釜トンネルの入り口で、登山者カードを提出。警備の方も荷物の大きさにビックリ。

荷物をここで再度チェックして薄暗いトンネルを歩きます。トンネルは昔に比べアイゼンなども必要ありませんが、闇の中を歩くのは薄気味悪いきがします。トンネルを抜け出し、今度は雪道の上り坂をひたすら進みます。歩き続けること2時間以上。一般の人は1時間半程度で大正池に到着するそうですが、この荷物では無理からぬことと思っています。

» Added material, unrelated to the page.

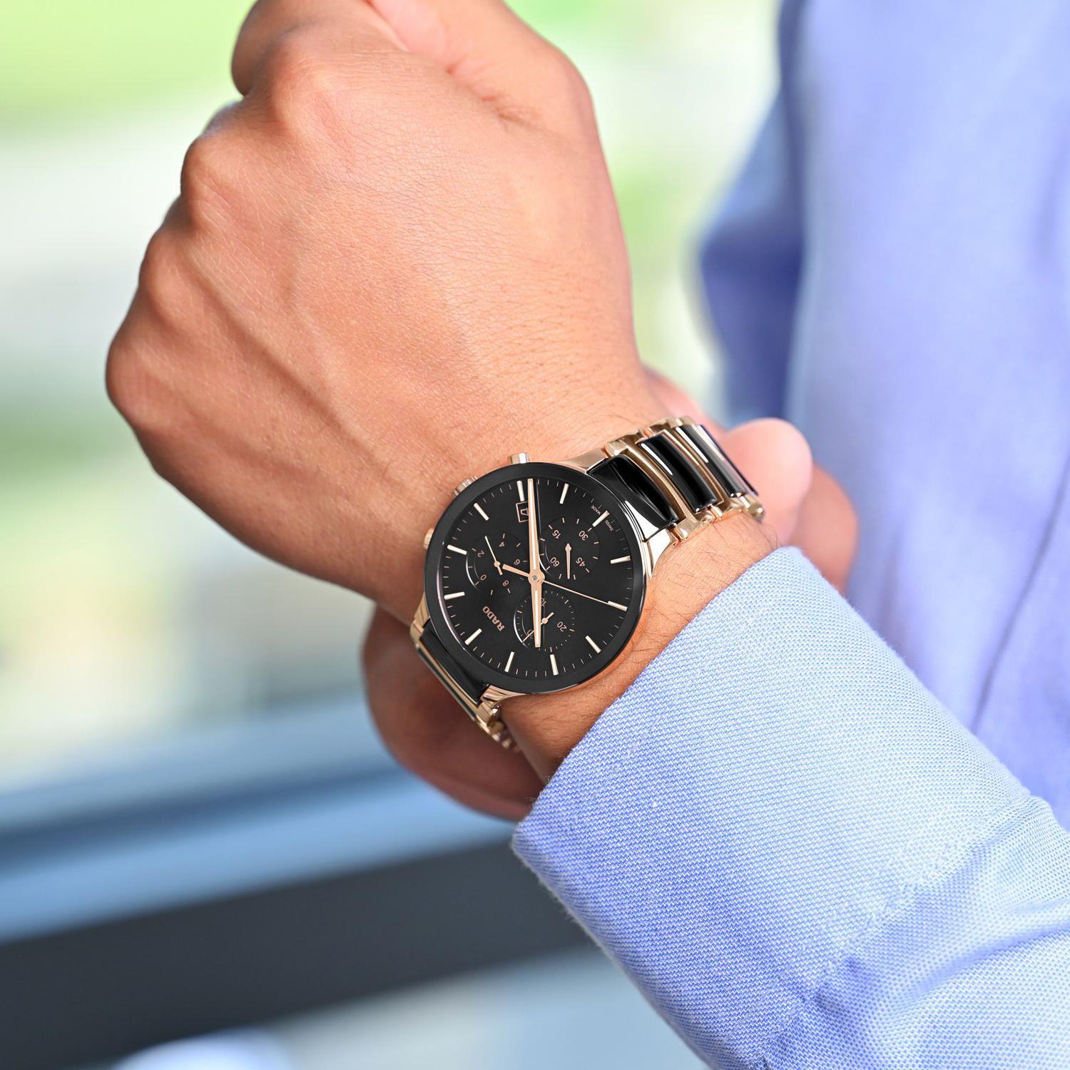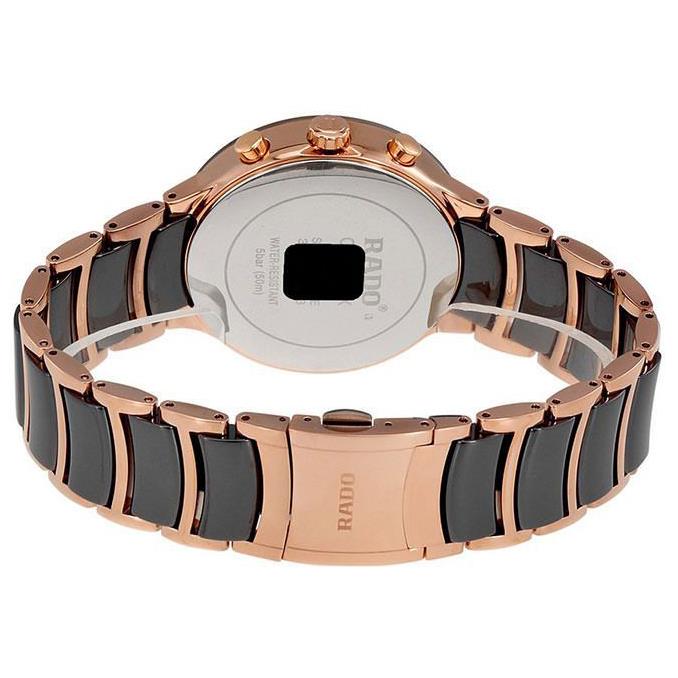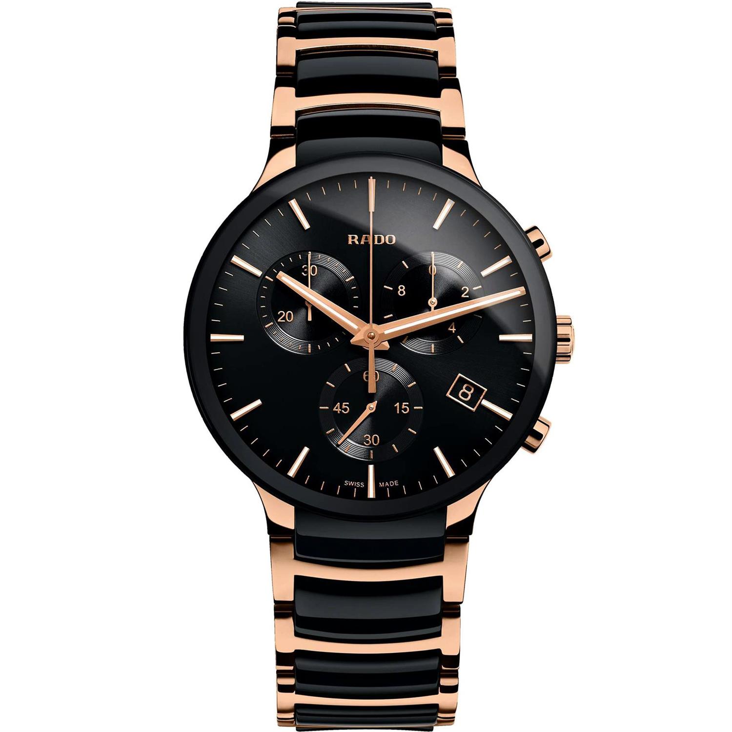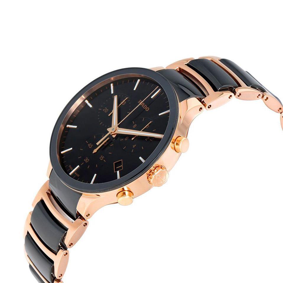 ساعت مچی مردانه رادو RADO با طراحی کلاسیک بند استیل سرامیک با قفل کلیپسی و قاب گرد مشکی مسی و صفحه مشکی با شیشه ضد خراش و قابلیت داشتن تقویم/ کرنوگراف/ شب نما و موتور سوییسی با انرژی باتری و مقاوم در برابر آب تا عمق 50 متر به همراه گارانتی بین المللی

 よく人から、「大判カメラを楽しんでいますね」といわれます。楽しんでいるとは自分は微塵たりとも思っていません。デジカメ時代に逆走し、大判写真にこだわっています。デジカメならば30Kgの荷物を運ぶことは必要ありませんし、もっと快適に雪道を歩けます。また、シャッターチャンスも大判に比べ恵まれます。信条としては、楽してはいい結果は得られないと思っているからでしょうか。苦労したあとの達成感は人一倍です。

大判を担いで写真が撮れることに感謝,感謝です。

 

 

 
 
 
 
 
 
 
 
 
 
 

秋の風景/Landscape in autumn

今年の紅葉は少し遅めのような気がします。そして気になるのが「柿」です。柿は話によると、よく実がつく年とつかない年があるとか。毎年の撮影ポイント、今年はどうでしょうか? 掲載の柿のある風景は一昨年の写真です。順番ですと今年はこのような風景が撮れるかも。最近は今まで出会った風景を再度大判で撮りなおしています。大判での撮影はハンディがあります。セットに時間がかかること、フィルム・現像など中判・デジカメに比べてコストがかかること、それゆえ枚数は撮れません。一枚一枚を大切にします。デジカメ時代に背を向けて逆走していますが、出来上がったポジは感激そのものです。限りある時間を大切にして、もう少しの時間を大判についやしたいと思っています。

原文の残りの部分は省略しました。